→ What to produce
Each entry that follows is to be duplicated exactly, without its images.

→ Listed entries
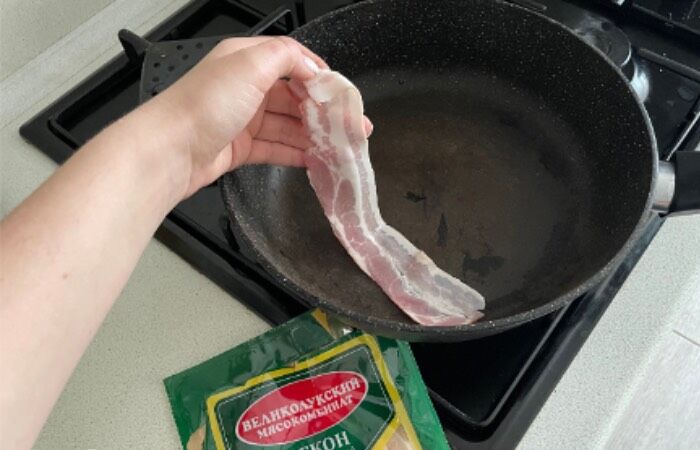 Бекон стоит жарить на холодной сковороде.
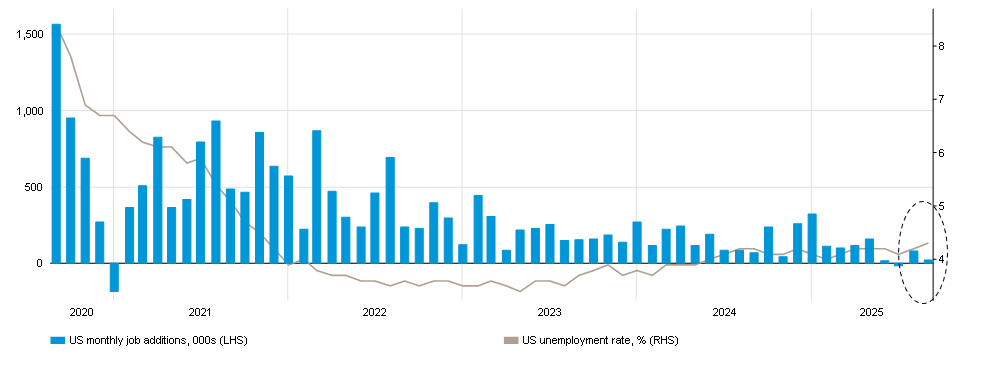 Chart 1: Stalling – US labour market sees slower job growth, rising unemployment:
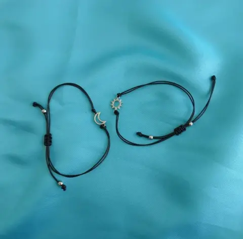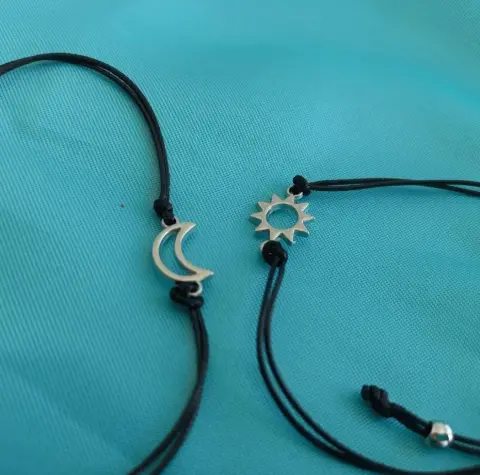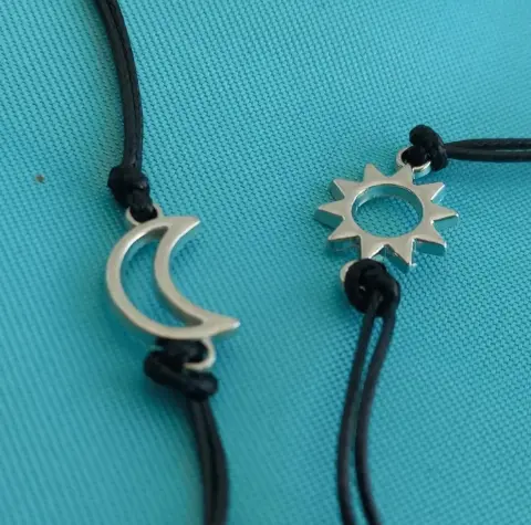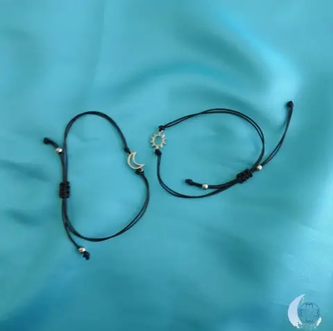 Dúo pulseras sol y luna. Par de pulseras de hilo con dijes de sol y de Luna excelentes para pareja o mejores amigos o el uso deseado
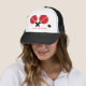 Rackets de pingue-pongue de tênis de mesa e um chapéu de caminhoneiro preto, vermelho, preto, que mostra um ícone de pictograma minimalista de raquetes de tênis preta vermelha e bola e seu texto sobre fundo branco.
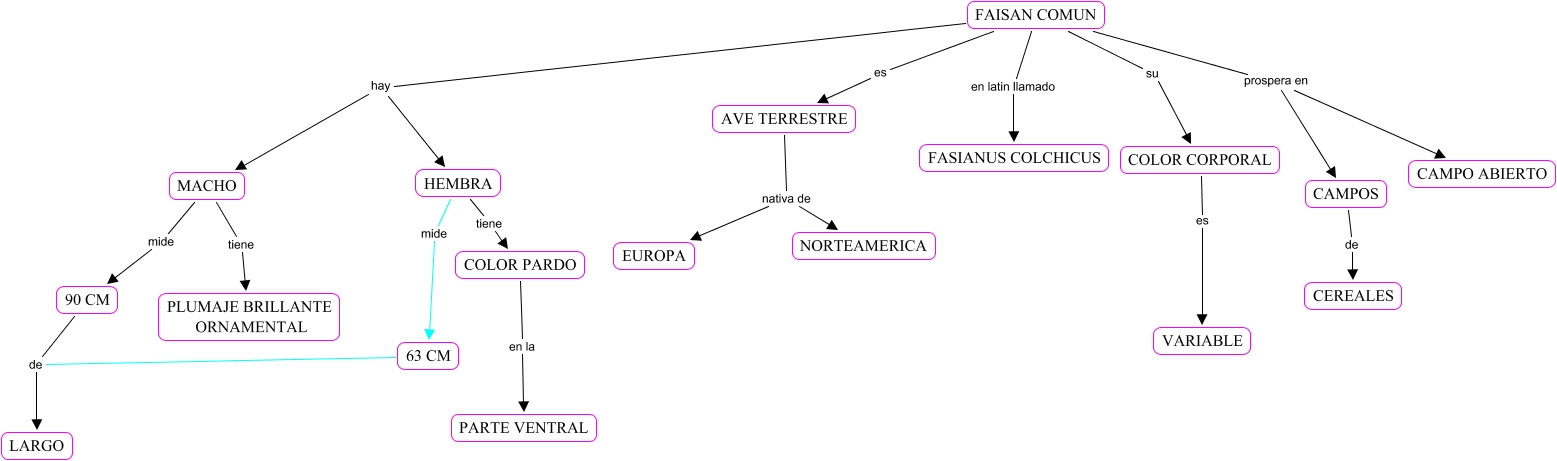 This Concept Map, created with IHMC CmapTools, has information related to: faisan comun, HEMBRA mide 63 CM, 63 CM de LARGO, HEMBRA tiene COLOR PARDO, CAMPOS de CEREALES, AVE TERRESTRE nativa de EUROPA, AVE TERRESTRE nativa de NORTEAMERICA, MACHO tiene PLUMAJE BRILLANTE ORNAMENTAL, FAISAN COMUN en latin llamado FASIANUS COLCHICUS, COLOR CORPORAL es VARIABLE, FAISAN COMUN hay MACHO, FAISAN COMUN es AVE TERRESTRE, FAISAN COMUN su COLOR CORPORAL, 90 CM de LARGO, COLOR PARDO en la PARTE VENTRAL, FAISAN COMUN hay HEMBRA, MACHO mide 90 CM, FAISAN COMUN prospera en CAMPOS, FAISAN COMUN prospera en CAMPO ABIERTO
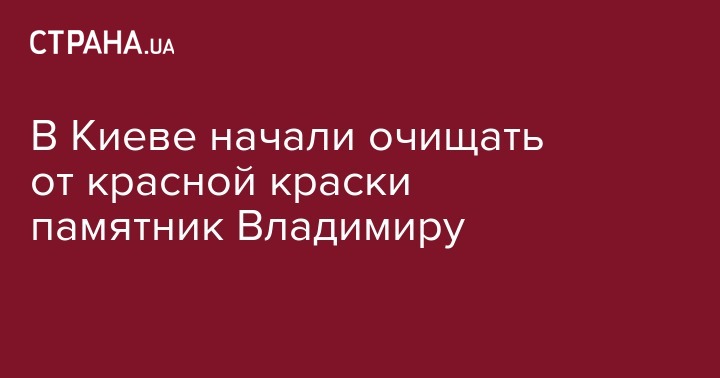 В Киеве начали отмывать от красной краски старейший столичный памятник князю Владимиру, который облили еще еще осенью прошлого года. Об этом сообщила гендиректор Киевского научно-методического центра по охране, реставрации и использованию памятников истории, культуры и заповедных территорий Ирина Прокопенко, передает издание "Сегодня".
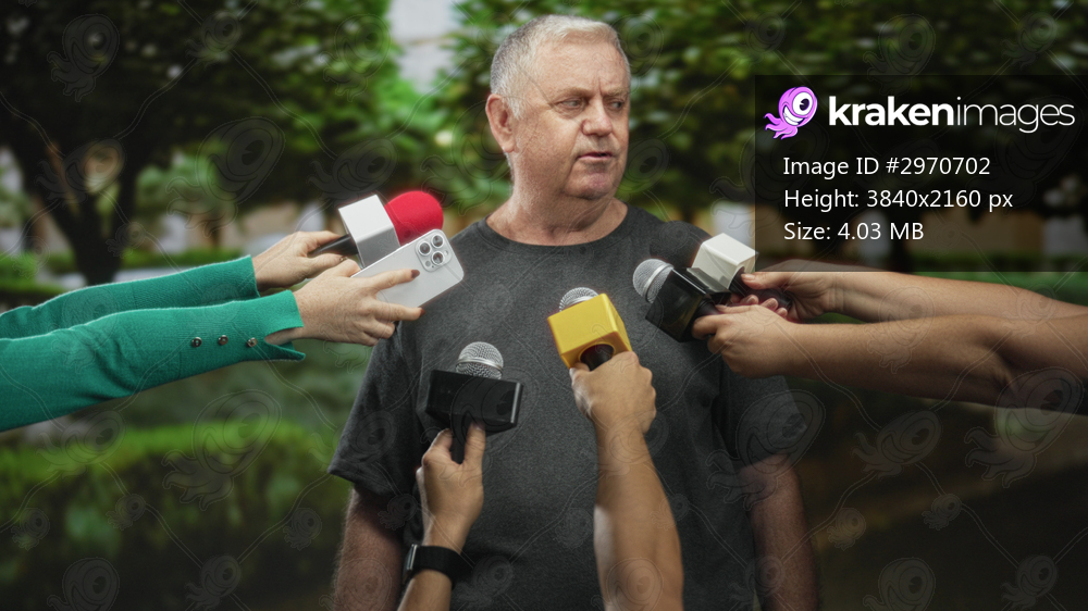 Elderly man speaks while multiple reporters thrust microphones and a smartphone toward his face on a street, surrounded by trees and hedges; concern accountability transparency. - Kraken Images
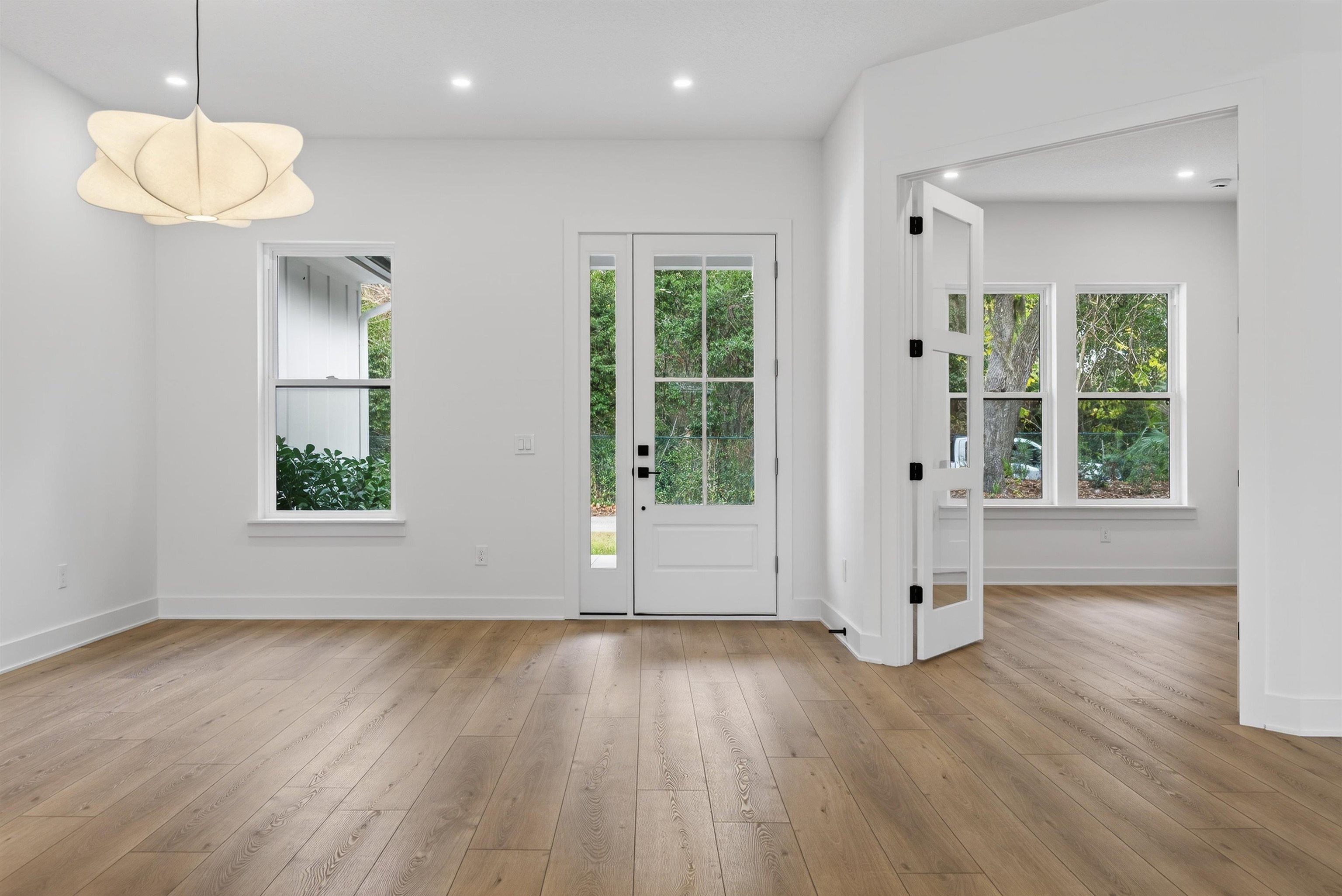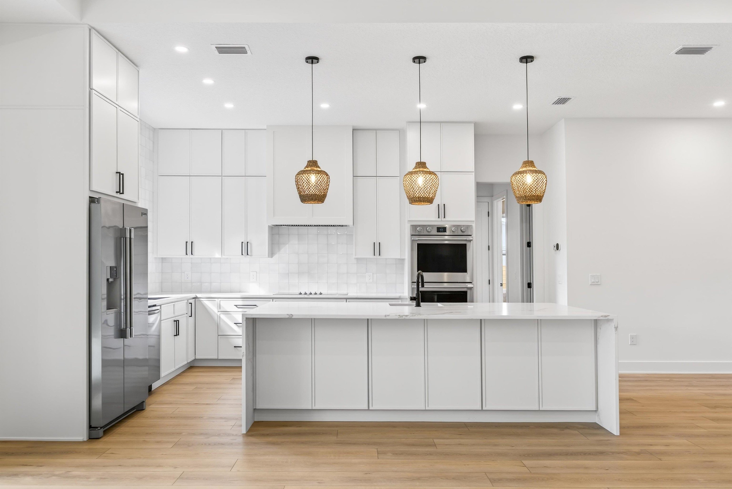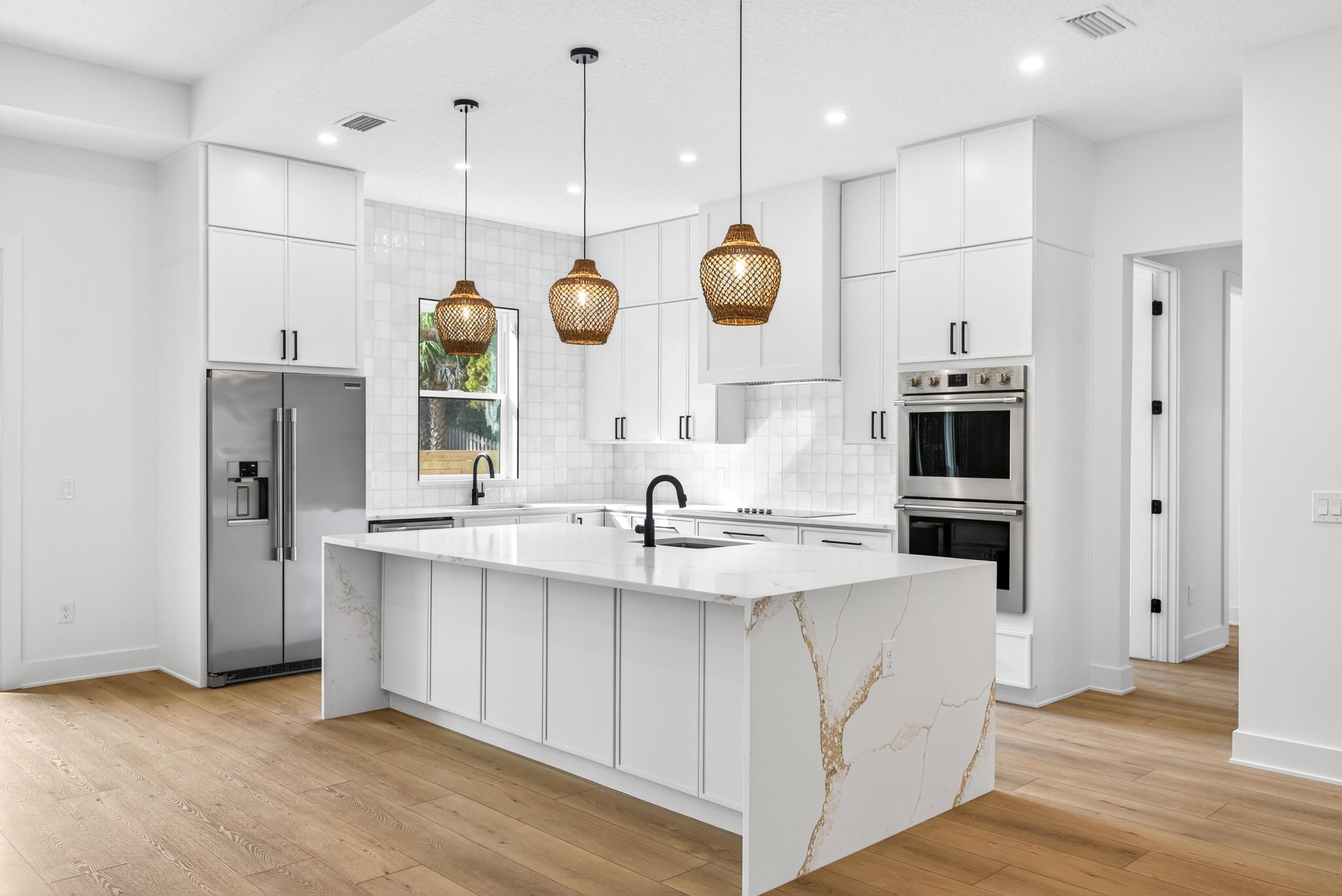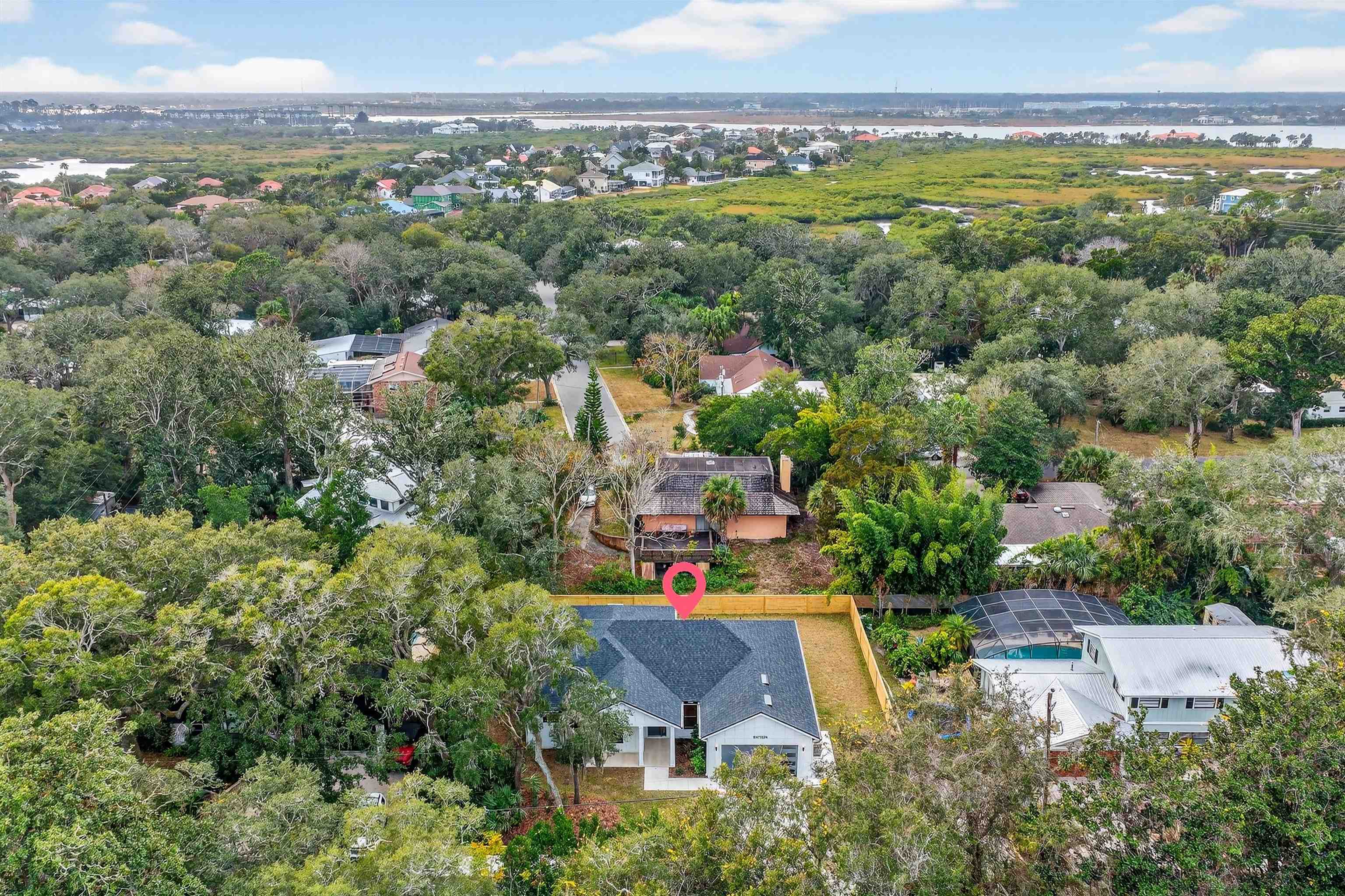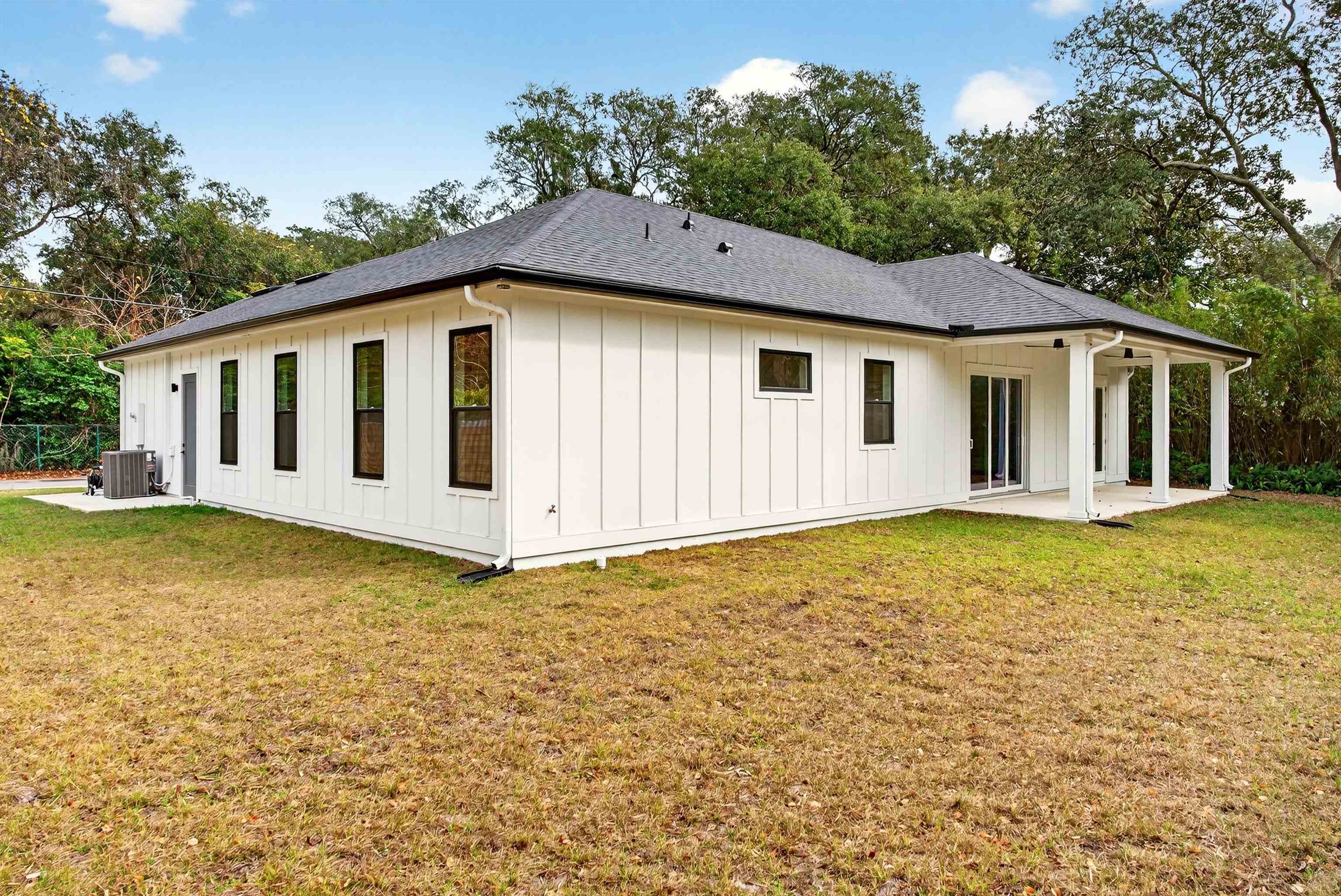 Enjoy hassle-free coastal living in this brand-new, high-quality one-story home on a spacious 100' x 100' lot with no HOA or CDD move-in ready! This 3BR/2BA residence with versatile study featuring closet (optional 4th bedroom) delivers 2, 205 sq ft of living space / 2, 996 sq ft overall. Built tough for FL: 2x6 walls, spray foam insulation, board-and-batten cement siding, charcoal shingle roof. Inside: 10' ceilings, 8' doors, 11' tray ceilings in great room & primary suite. Gourmet kitchen: quartz counters, massive waterfall island w/ prep sink, Frigidaire Professional appliances, double wall oven, wine cooler. Spa primary bath: soaking tub, large shower, dual vanities, 14x7 walk-through closet. Covered lanai, Bahia sod, room for future pool. Just steps to Anastasia State Park beaches/trails & The Amp. Easy access to nature, events, historic downtown without gated restrictions. Rare turnkey gem in prime location. Info deemed reliable but not guaranteed—buyer to verify. Photos enhanced.

→ Task solution
 Бекон стоит жарить на холодной сковороде.
 Chart 1: Stalling – US labour market sees slower job growth, rising unemployment:
 Dúo pulseras sol y luna. Par de pulseras de hilo con dijes de sol y de Luna excelentes para pareja o mejores amigos o el uso deseado
 Rackets de pingue-pongue de tênis de mesa e um chapéu de caminhoneiro preto, vermelho, preto, que mostra um ícone de pictograma minimalista de raquetes de tênis preta vermelha e bola e seu texto sobre fundo branco.
 This Concept Map, created with IHMC CmapTools, has information related to: faisan comun, HEMBRA mide 63 CM, 63 CM de LARGO, HEMBRA tiene COLOR PARDO, CAMPOS de CEREALES, AVE TERRESTRE nativa de EUROPA, AVE TERRESTRE nativa de NORTEAMERICA, MACHO tiene PLUMAJE BRILLANTE ORNAMENTAL, FAISAN COMUN en latin llamado FASIANUS COLCHICUS, COLOR CORPORAL es VARIABLE, FAISAN COMUN hay MACHO, FAISAN COMUN es AVE TERRESTRE, FAISAN COMUN su COLOR CORPORAL, 90 CM de LARGO, COLOR PARDO en la PARTE VENTRAL, FAISAN COMUN hay HEMBRA, MACHO mide 90 CM, FAISAN COMUN prospera en CAMPOS, FAISAN COMUN prospera en CAMPO ABIERTO
 В Киеве начали отмывать от красной краски старейший столичный памятник князю Владимиру, который облили еще еще осенью прошлого года. Об этом сообщила гендиректор Киевского научно-методического центра по охране, реставрации и использованию памятников истории, культуры и заповедных территорий Ирина Прокопенко, передает издание "Сегодня".
 Elderly man speaks while multiple reporters thrust microphones and a smartphone toward his face on a street, surrounded by trees and hedges; concern accountability transparency. - Kraken Images
 Enjoy hassle-free coastal living in this brand-new, high-quality one-story home on a spacious 100' x 100' lot with no HOA or CDD move-in ready! This 3BR/2BA residence with versatile study featuring closet (optional 4th bedroom) delivers 2, 205 sq ft of living space / 2, 996 sq ft overall. Built tough for FL: 2x6 walls, spray foam insulation, board-and-batten cement siding, charcoal shingle roof. Inside: 10' ceilings, 8' doors, 11' tray ceilings in great room & primary suite. Gourmet kitchen: quartz counters, massive waterfall island w/ prep sink, Frigidaire Professional appliances, double wall oven, wine cooler. Spa primary bath: soaking tub, large shower, dual vanities, 14x7 walk-through closet. Covered lanai, Bahia sod, room for future pool. Just steps to Anastasia State Park beaches/trails & The Amp. Easy access to nature, events, historic downtown without gated restrictions. Rare turnkey gem in prime location. Info deemed reliable but not guaranteed—buyer to verify. Photos enhanced.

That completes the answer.